Running with the Master

Master Denny (left) and Trail Boy. I think it was just a coincidence we were wearing identical marathon shirt and hats this day.

Master Denny (left) and Trail Boy. I think it was just a coincidence we were wearing identical marathon shirt and hats this day. Here we are at the scenic overlook at Virginia Kendall Park near Akron.

In any sport, there are rookies, intermediates and veterans.

Then, above them all, is another category.  They are the masters.

 These athletes have such passion, skill, motivation, accomplishment and years of service that they are an inspiration to the rest.

Let me take a moment to tip my hat to such a person. He is Master Denny.

For four years, he was my running partner, coach and friend in Akron. We worked together in the same newsroom. We ran together three or four days a week. We often raced together or did long training runs on weekends. When we didn’t we would spend a fun Monday comparing weekend notes.

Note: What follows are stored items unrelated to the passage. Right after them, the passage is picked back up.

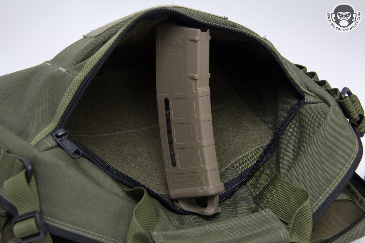 On over at the front side are 2 large double zippered pockets. The left compartment has a sleeve pocket with varied elastic divisions on top and even a key lanyard with SRB release. Compared to other lanyard setups the releasable SRB makes it a lot more convenient. To mix things up the right compartment has a sleeve pocket as well, but then has 2 divided sleeve pockets on top with elastic webbing closures. Not to be forgotten, both compartments have simple sleeve pockets on the internal front side as well. Worth noting these frontal pockets are tall enough to hold 30 round magazines even with Ranger Magpul plates. On the exterior of the pockets are good sized loop velcro fields for your cool guy patches or ID. I like that they are there for those who don't care about profile level as those who do care can take them off. An easy to overlook single zipper hides between the 2 frontal pockets which offer a nice extra stash zone to behind both pocket sides.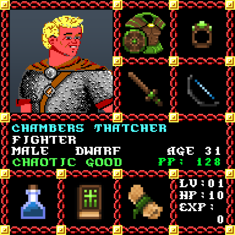 Chambers Thatcher is a Male Dwarf, born to be a Fighter. Since his birth, for the last 31 years, his alignment has been Chaotic Good and he has been honing his skills with the Short Sword. He also carries the following: [Potion of Extra Healing ] [Phlan Journal Entries 1-15] [Scroll of Cure Light Wounds x100] > > > Chambers Thatcher is part of the Genesis Series of the Players Guild NFT Pool of Radiance Tribute.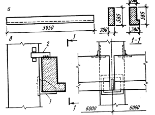 Рис.13.10 – Обвязочные балки: а - общий вид; б - узел крепления к колонне; 1 - стальной опорный столик; 2 - стальная планка

He taught me skills and habits — way too much to recount here. Mostly, he led by example, showing me about dedication and passion for running.  Nearly every day, in almost any kind of weather, he ran his workout, whether he felt motivated or not.

We ran plenty of races together. In 2003, I watched him qualify for the Boston Marathon. In 2004, we ran a brutal two-man relay: a 50K trail race through the pouring rain. 

“If running was easy, they’d call it golf,” Denny often said.

Then I had the great idea to take a job out of town. I moved 300 miles away to Indy.

We kept in touch by e-mail, often several times a week, recounting our training and racing, trading war stories and updates on our lives.

A couple times a year, I go back to Akron and hit the trails. On Thursday, I spent a wonderful 90 minutes running with Denny and another old friend, Steve, on a patchwork of trails in the Cuyahoga Valley National Park.


Two old running friends, Master Denny (left) and Steve handle some tricky footwork.

Running with Denny is such a joy, because he enjoys nearly every moment, whether he is running up or down a tough hill, viewing a spectacular mist rising over a hill, splashing through a puddle or letting me chase him along a difficult, rocky gorge.

At 62, Denny is more than 10 years older than I am. But he is leaner, faster, tougher and just all around better.

Denny, thanks for the run. I wish we still could do it together every day.